Problem to work on: When copying the listing below, skip every picture and keep each word as it stands.

Dataset excerpt:
● ● ● ● ●
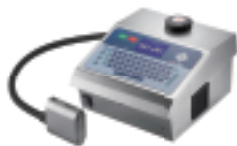
DOD大字符喷码机系列
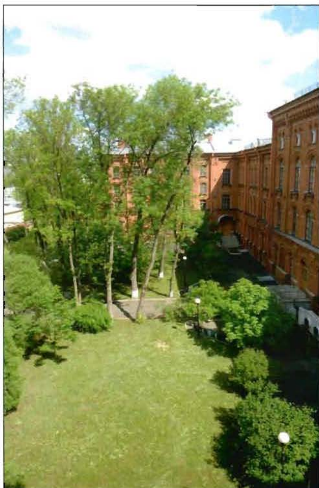
20. Фрагмент территории объекта культурного наследия (северный участок, западная сторона). Вид с юга.
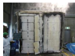
2時間耐火構造 性能試験
● ● ● ● ●
The answer:
DOD大字符喷码机系列
20. Фрагмент территории объекта культурного наследия (северный участок, западная сторона). Вид с юга.
2時間耐火構造 性能試験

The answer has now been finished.